▸ **Records for this exercise**
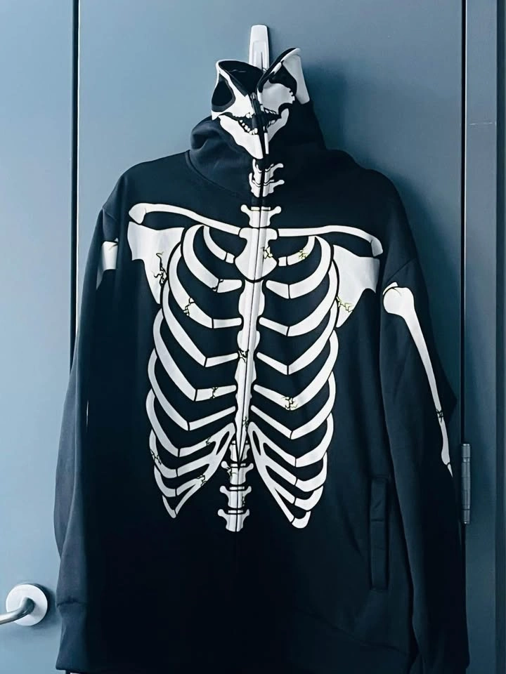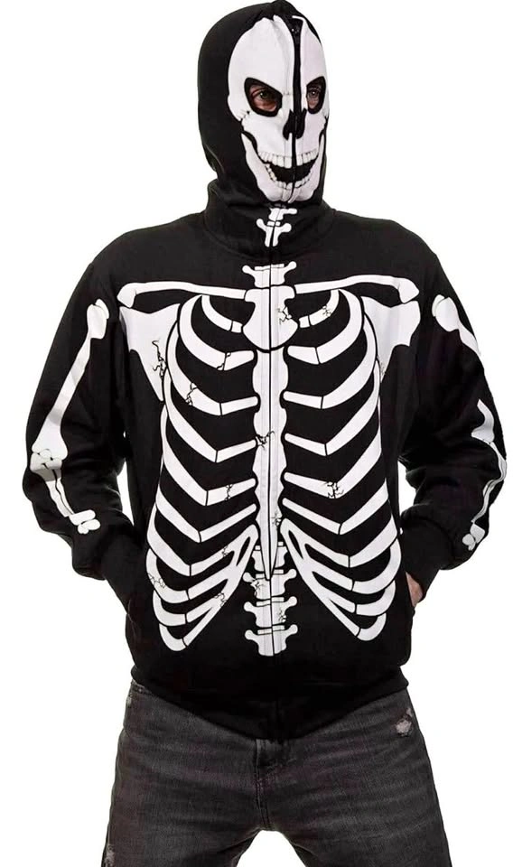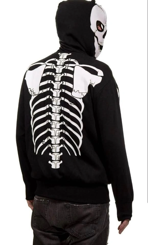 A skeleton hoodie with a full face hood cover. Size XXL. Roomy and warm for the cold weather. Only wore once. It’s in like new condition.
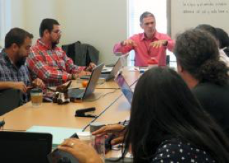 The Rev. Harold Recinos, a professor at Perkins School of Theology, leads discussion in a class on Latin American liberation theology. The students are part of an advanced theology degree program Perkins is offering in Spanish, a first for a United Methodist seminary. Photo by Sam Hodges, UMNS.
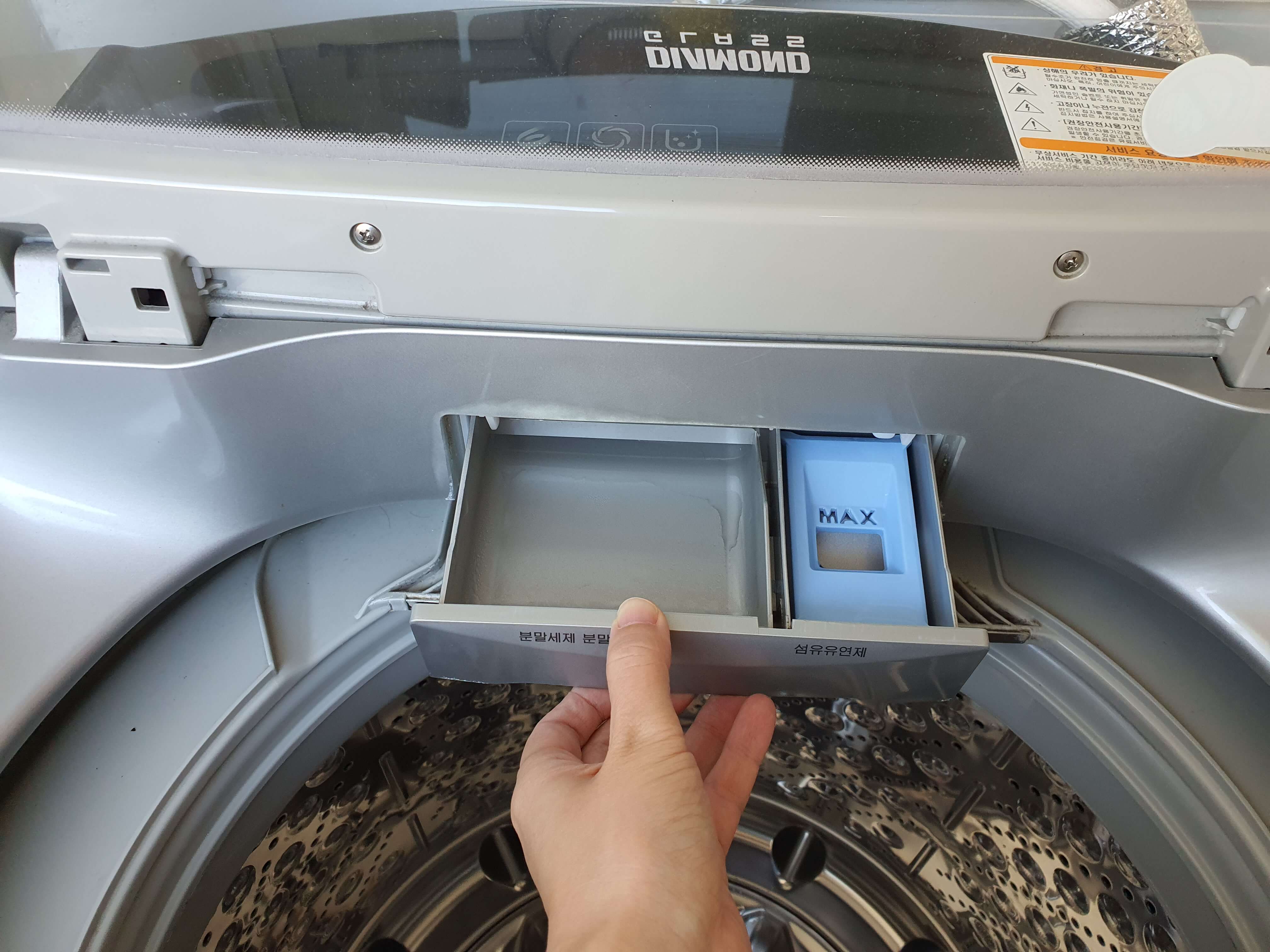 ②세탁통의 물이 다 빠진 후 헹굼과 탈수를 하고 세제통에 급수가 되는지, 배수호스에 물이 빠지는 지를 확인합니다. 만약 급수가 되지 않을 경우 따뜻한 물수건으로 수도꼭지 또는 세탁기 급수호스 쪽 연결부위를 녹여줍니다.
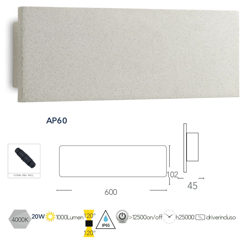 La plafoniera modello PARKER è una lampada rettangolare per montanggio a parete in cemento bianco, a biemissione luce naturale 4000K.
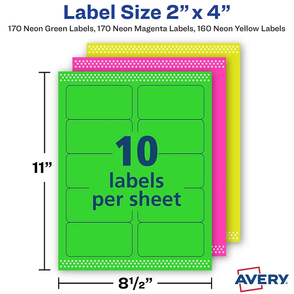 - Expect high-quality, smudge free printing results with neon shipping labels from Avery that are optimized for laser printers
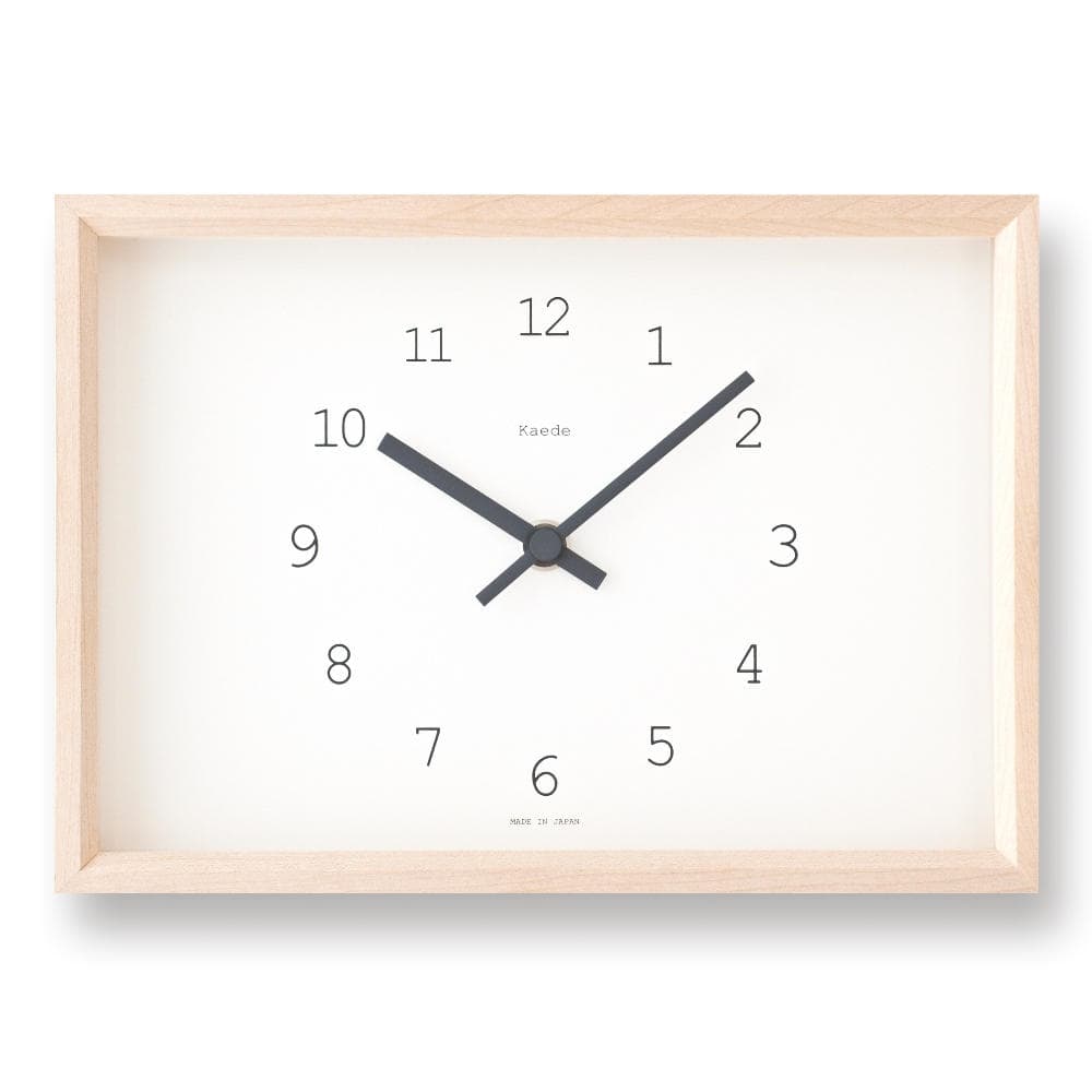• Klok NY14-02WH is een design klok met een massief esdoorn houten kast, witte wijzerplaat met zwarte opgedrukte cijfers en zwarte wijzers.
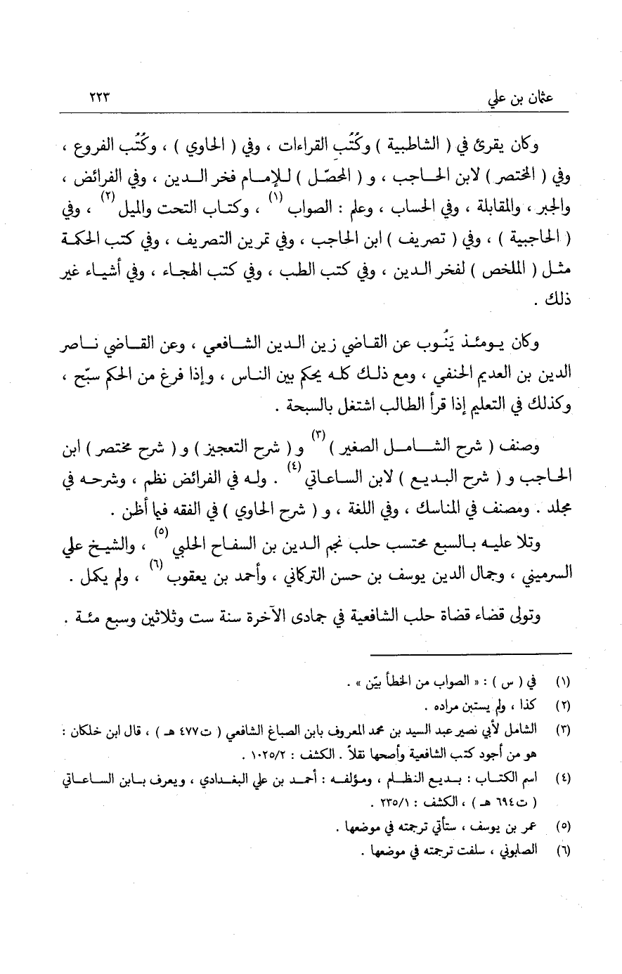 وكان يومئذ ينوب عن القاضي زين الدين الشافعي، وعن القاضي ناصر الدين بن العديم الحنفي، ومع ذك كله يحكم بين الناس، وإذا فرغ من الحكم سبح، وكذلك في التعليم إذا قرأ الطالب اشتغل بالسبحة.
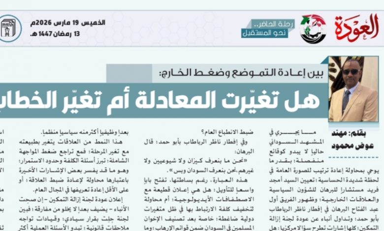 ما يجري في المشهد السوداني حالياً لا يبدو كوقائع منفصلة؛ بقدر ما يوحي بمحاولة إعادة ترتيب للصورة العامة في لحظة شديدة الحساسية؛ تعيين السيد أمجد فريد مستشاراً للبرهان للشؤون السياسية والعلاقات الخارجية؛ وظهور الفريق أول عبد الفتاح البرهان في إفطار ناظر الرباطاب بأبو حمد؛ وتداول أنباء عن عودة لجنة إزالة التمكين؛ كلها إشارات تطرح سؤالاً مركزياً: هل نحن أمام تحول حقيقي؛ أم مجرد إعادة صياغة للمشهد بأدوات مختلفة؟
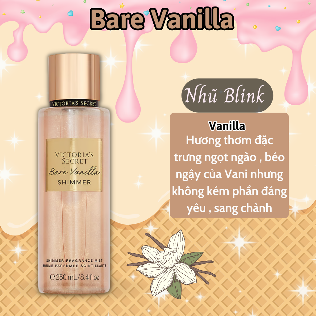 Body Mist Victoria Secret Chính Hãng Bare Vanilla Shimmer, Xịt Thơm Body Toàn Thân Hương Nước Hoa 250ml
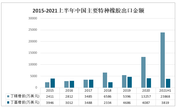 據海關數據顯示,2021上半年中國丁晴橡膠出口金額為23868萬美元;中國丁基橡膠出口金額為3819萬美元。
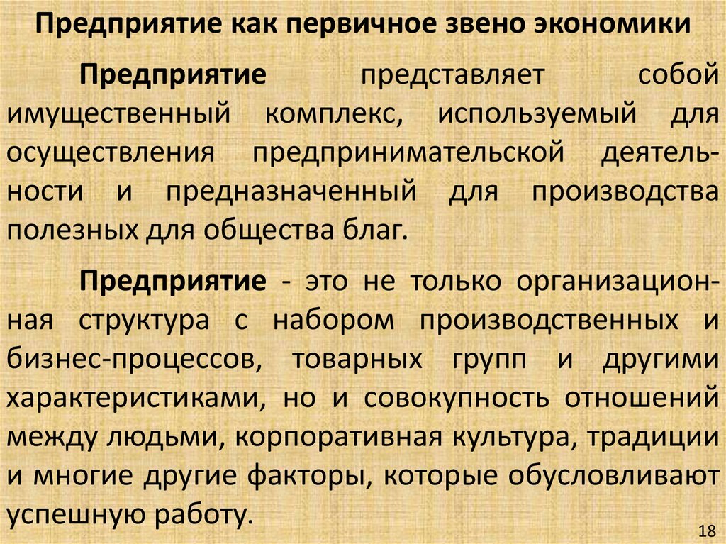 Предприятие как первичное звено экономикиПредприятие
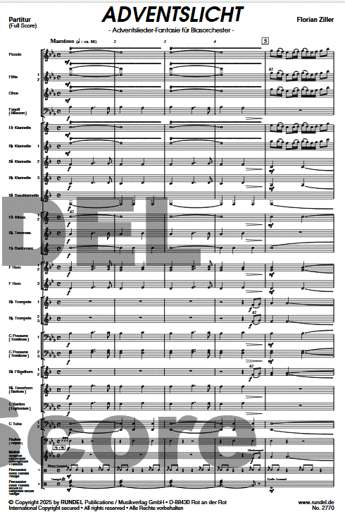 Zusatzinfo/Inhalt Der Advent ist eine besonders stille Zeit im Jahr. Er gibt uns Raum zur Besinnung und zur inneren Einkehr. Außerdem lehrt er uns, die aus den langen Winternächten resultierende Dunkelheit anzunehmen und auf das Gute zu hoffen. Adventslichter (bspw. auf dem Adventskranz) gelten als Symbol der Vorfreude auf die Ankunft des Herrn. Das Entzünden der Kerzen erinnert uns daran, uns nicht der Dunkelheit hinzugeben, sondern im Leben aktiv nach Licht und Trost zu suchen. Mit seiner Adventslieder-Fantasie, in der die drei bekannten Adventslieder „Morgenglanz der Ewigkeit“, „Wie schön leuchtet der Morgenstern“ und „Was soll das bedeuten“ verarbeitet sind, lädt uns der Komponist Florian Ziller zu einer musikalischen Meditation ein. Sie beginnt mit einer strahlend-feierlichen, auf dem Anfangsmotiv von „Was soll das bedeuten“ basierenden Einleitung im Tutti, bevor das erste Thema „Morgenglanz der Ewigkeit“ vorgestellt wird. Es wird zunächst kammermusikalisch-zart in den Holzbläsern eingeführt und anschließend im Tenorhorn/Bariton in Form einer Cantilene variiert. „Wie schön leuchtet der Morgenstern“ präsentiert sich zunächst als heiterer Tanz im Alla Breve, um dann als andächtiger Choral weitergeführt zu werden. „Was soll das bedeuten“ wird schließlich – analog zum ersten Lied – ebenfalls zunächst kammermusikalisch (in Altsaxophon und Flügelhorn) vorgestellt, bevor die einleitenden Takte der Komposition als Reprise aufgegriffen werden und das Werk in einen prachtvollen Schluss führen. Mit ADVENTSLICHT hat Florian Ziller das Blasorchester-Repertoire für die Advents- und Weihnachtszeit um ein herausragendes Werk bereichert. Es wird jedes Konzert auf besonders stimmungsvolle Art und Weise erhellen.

▸ **Aim of the task**
Above, find the line with "- Expect high-quality, smudge"; copy it and every line down to the line with "en zwarte wijzers.", exactly and both included, but no pictures.

▸ **Written reply**
 - Expect high-quality, smudge free printing results with neon shipping labels from Avery that are optimized for laser printers
• Klok NY14-02WH is een design klok met een massief esdoorn houten kast, witte wijzerplaat met zwarte opgedrukte cijfers en zwarte wijzers.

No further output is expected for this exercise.